Schools use "lockdown" to protect students
Families connected to the Sandy Hook Elementary shootings heard "lockdown" used again and again.
Some didn't know what it meant. We found out what it means and how it affects the safety of students.
Schools around the country are reviewing and rethinking their safety plans. We spoke with Dyess Elementary School Principal Michael Newton. He said their school has two different levels of lockdown. The first is the most serious.
"It's a very short call over the PA system which means it is very severe," said Newton. Get all the doors locked. Get the children in a safe part of the classroom."
Newton also said, "The other one is a procedure and its all done by code word where we will lockdown the campus. It's usually where I want to make sure kids stay in one spot for a little bit."

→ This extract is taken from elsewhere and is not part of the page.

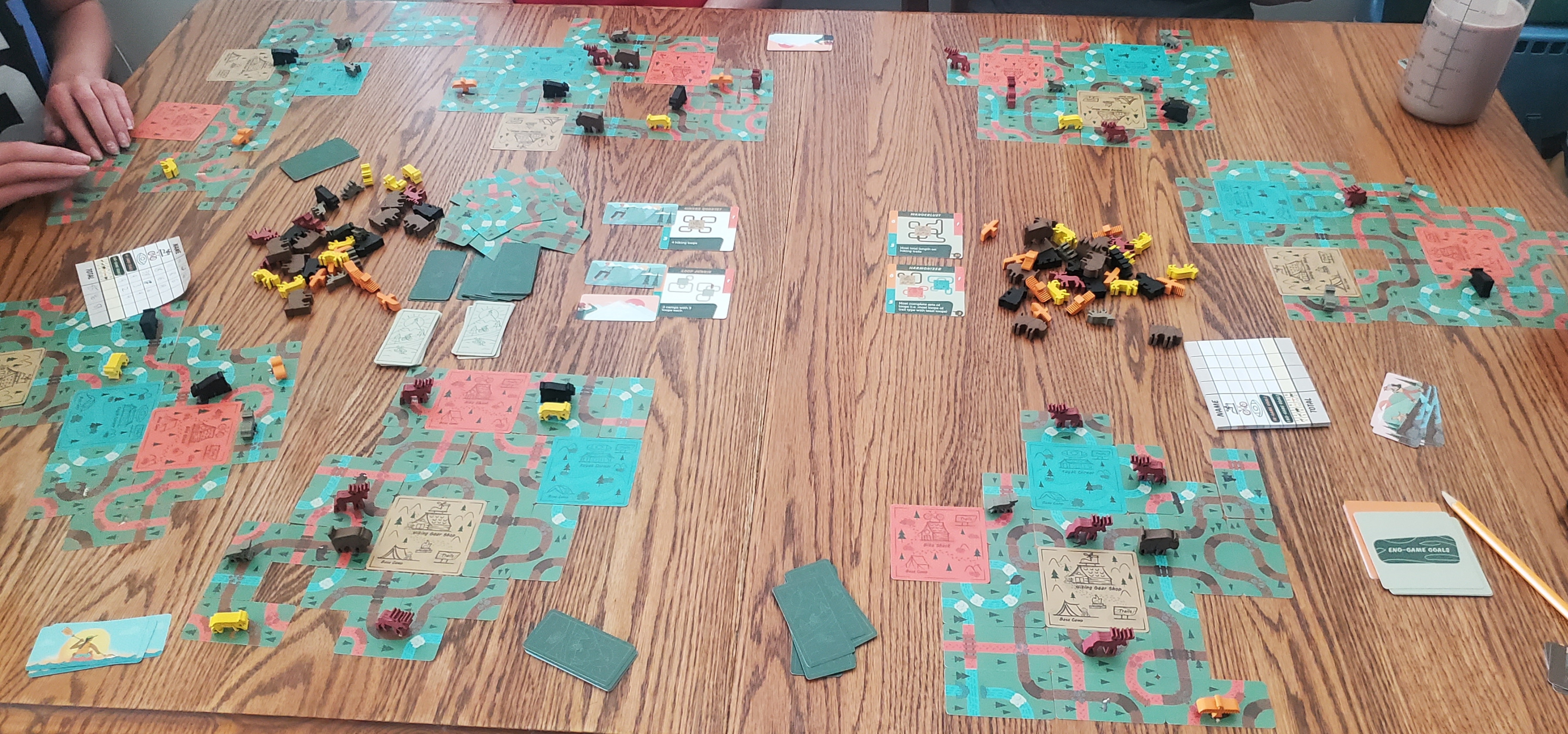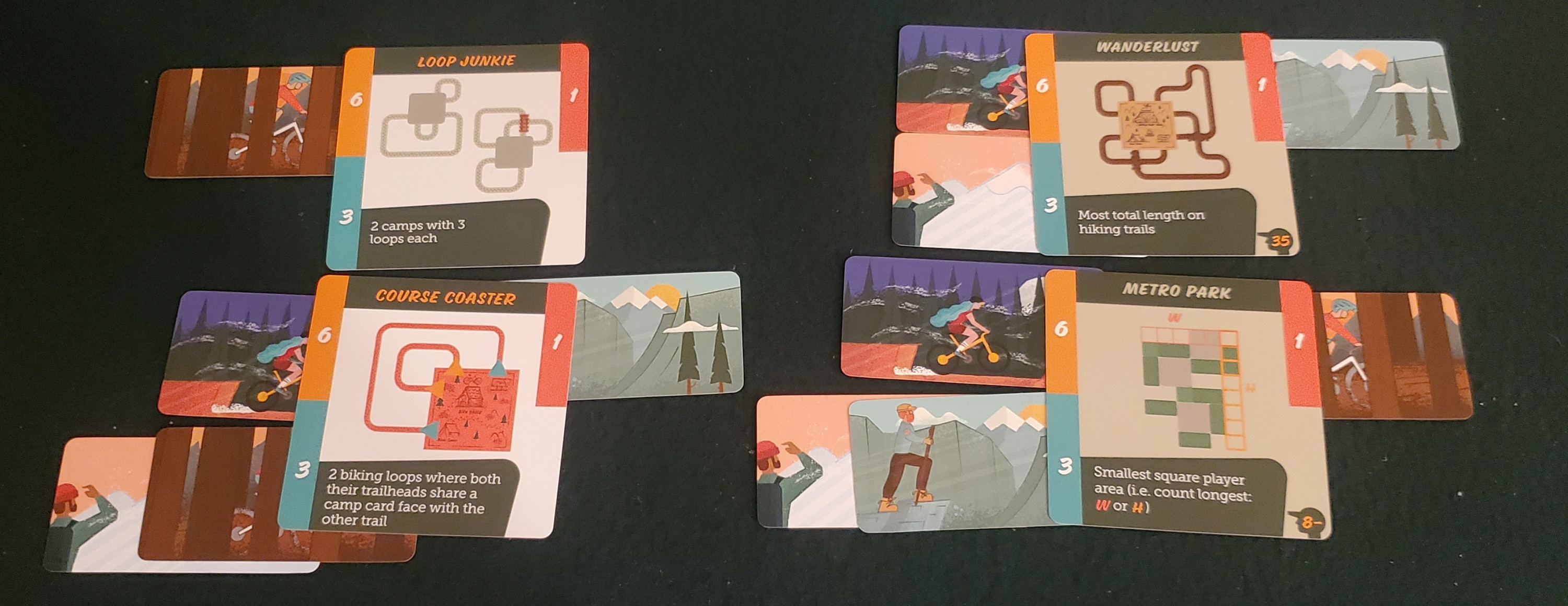 Oh, there are a few minor details to keep in mind. The animals I’ve already mentioned. These can be placed on any trail card that shows them somewhere in the background. They’re optional. That’s important, because an animal on a card means you can’t ever cover it up with another card. Not a camp, not another trail, not even partially. In a game that gets you praying for the right bridge or loop to appear, forgoing the ability to pave over a past mistake is no minor sacrifice. So you pick your animals carefully. You want variety, is the thing. Hikers and bikers and kayakers soon grow bored of seeing nothing but moose. Each loop grows more valuable in proportion to the variety of wildlife along it. That and its length, of course. Plus a few scoring cards, because what would a modern game be without variable scoring. I’m being slightly sarcastic there, but they fit right into Trailblazers. They provide a shared focus between players, a reason to value the same types of paths. As with everything else in this design, they provide nested considerations. It isn’t just about finding cards that work. It’s about finding cards that work in two or three ways simultaneously.

Once the lockdown is cleared and over, there is still one more checkpoint.
"We have a callout System that we can notify parents that we had an incident occur, that your child is safe, and if you need further information that you can contact the school," said Newton.
Following the shooting on Monday, the school focused on keeping things normal for kids.
Dyess Elementary School Counsel Karen Clemmer said, "Normalcy is huge. You know routine is huge for kids and so the teachers and administrators have to be careful with our demeanor."
Newton said parents are informed after the lockdown procedure, to keep them from showing up and interrupting the first responders.